§ What you need to do:
Required from the data below: the exact lines starting at the line containing "В кабинете неподалеку" and ending at the line containing "Throughout their years", with both ends kept and all pictures dropped.

§ Records shown:
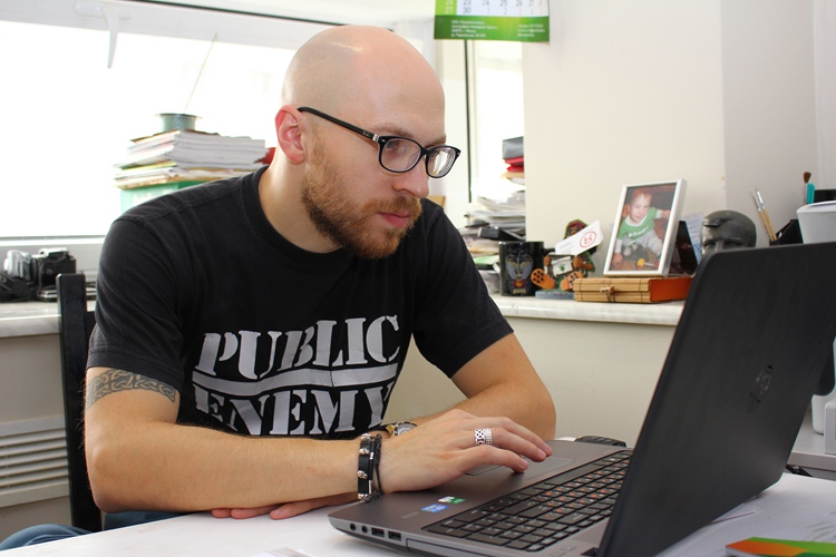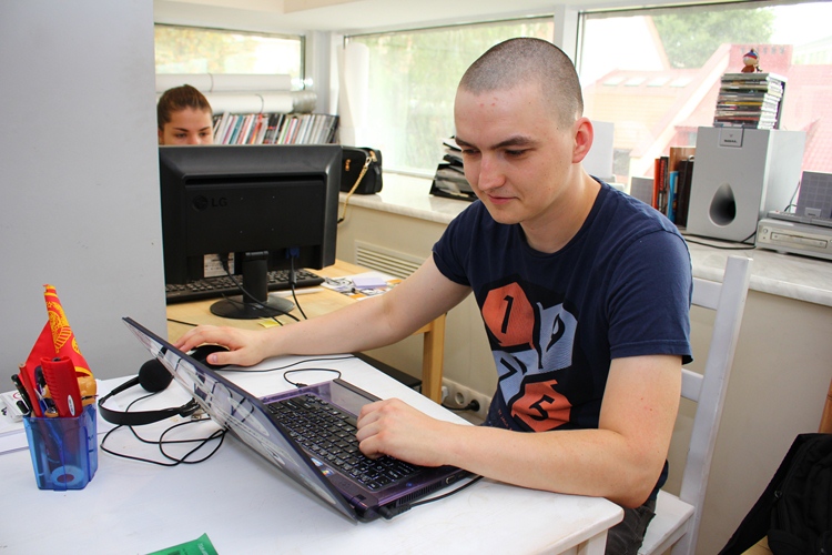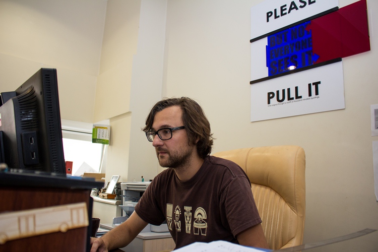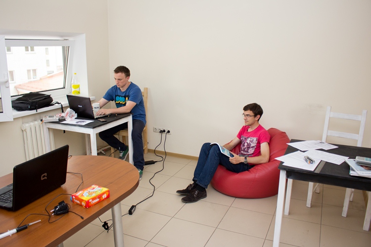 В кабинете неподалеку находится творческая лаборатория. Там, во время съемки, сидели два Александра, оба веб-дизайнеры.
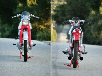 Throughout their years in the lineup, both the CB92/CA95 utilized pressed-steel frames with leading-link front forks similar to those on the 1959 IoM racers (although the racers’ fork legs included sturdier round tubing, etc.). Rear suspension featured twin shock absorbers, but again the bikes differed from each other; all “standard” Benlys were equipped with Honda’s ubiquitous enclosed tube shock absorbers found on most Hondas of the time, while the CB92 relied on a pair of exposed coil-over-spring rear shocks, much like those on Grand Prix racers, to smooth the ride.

--

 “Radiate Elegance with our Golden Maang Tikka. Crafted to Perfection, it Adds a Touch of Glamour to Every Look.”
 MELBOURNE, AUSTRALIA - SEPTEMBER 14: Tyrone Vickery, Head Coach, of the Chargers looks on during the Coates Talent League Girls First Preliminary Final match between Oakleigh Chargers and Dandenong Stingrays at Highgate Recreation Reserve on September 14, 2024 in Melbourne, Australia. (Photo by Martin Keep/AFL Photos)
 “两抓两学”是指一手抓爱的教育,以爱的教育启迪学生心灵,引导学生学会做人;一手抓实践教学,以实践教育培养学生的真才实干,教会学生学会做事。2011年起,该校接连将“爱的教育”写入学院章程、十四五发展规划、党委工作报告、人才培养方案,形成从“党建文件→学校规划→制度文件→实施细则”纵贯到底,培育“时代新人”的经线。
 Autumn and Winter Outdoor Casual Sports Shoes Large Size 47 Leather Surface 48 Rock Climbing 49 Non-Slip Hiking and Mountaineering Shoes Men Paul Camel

---

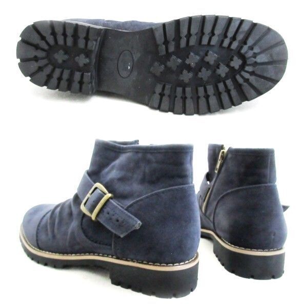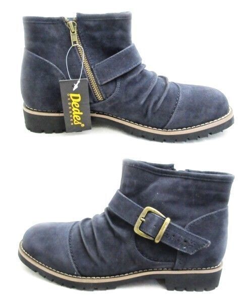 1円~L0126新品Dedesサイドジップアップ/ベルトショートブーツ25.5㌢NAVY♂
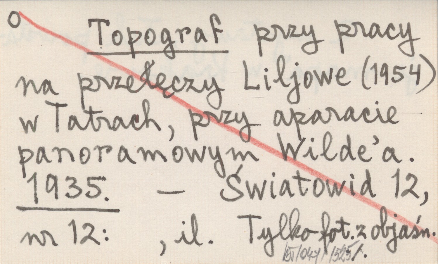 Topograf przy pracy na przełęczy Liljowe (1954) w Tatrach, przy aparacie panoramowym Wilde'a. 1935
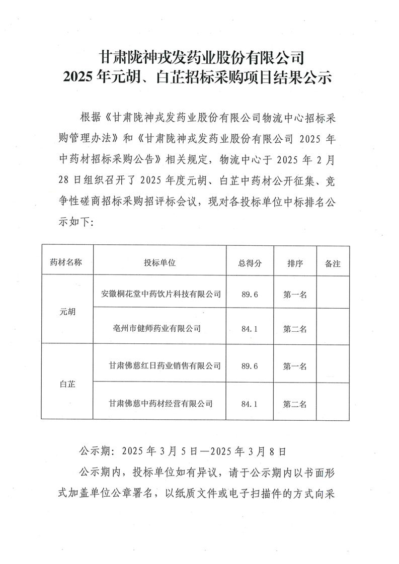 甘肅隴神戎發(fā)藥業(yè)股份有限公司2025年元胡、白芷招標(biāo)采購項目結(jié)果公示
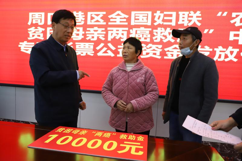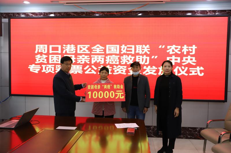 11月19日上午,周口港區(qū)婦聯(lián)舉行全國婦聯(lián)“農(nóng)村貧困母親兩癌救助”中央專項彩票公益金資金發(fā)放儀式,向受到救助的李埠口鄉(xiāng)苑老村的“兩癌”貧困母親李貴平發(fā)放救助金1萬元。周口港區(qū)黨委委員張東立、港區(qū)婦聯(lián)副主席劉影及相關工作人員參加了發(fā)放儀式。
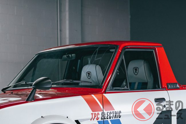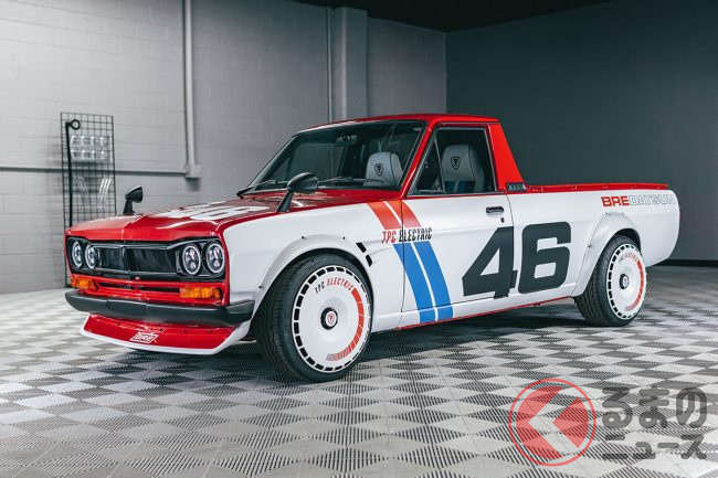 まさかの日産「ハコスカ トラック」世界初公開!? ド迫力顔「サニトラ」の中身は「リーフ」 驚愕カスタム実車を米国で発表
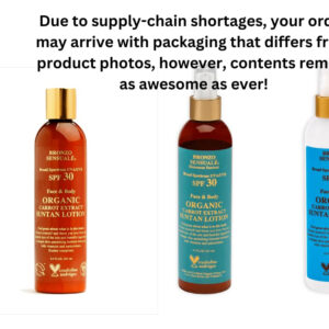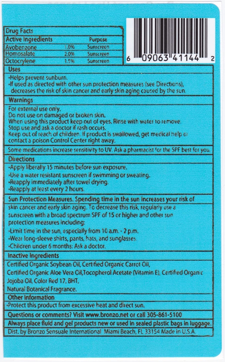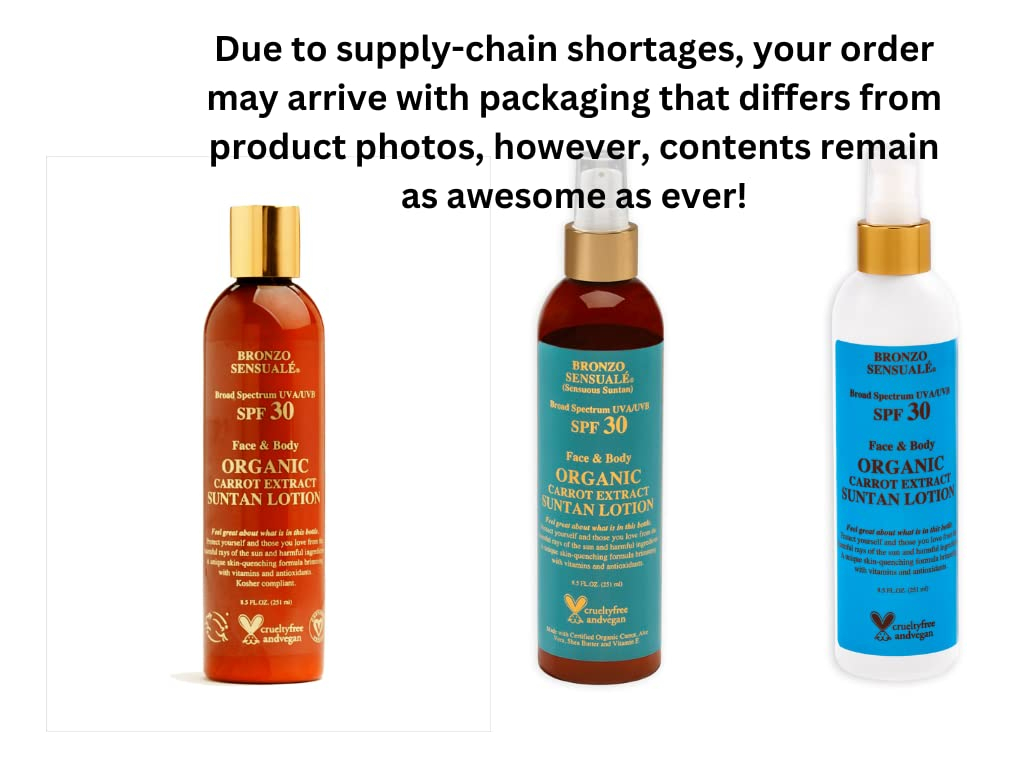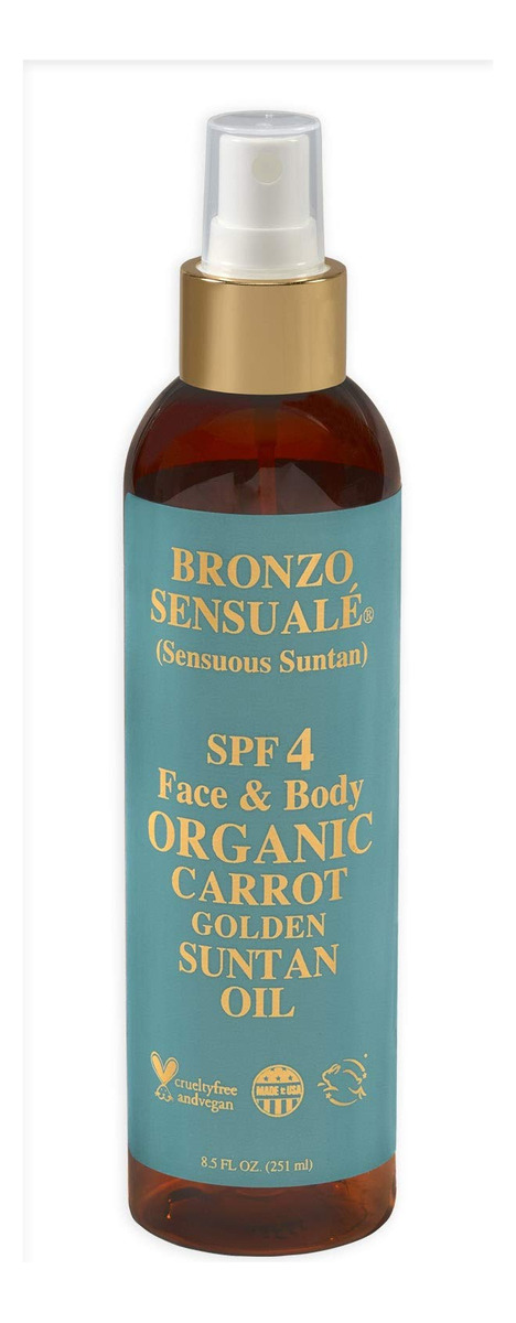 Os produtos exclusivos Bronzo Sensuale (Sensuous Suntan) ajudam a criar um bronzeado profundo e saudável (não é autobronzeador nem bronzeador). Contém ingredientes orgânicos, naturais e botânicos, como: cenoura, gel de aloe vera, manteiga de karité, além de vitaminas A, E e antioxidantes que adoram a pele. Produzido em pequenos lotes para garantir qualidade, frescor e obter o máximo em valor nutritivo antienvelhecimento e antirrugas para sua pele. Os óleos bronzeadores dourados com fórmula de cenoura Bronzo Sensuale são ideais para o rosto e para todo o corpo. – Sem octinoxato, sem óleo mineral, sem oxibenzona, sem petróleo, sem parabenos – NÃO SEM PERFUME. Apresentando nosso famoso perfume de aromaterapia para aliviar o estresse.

§ Task answer:
 В кабинете неподалеку находится творческая лаборатория. Там, во время съемки, сидели два Александра, оба веб-дизайнеры.
 Throughout their years in the lineup, both the CB92/CA95 utilized pressed-steel frames with leading-link front forks similar to those on the 1959 IoM racers (although the racers’ fork legs included sturdier round tubing, etc.). Rear suspension featured twin shock absorbers, but again the bikes differed from each other; all “standard” Benlys were equipped with Honda’s ubiquitous enclosed tube shock absorbers found on most Hondas of the time, while the CB92 relied on a pair of exposed coil-over-spring rear shocks, much like those on Grand Prix racers, to smooth the ride.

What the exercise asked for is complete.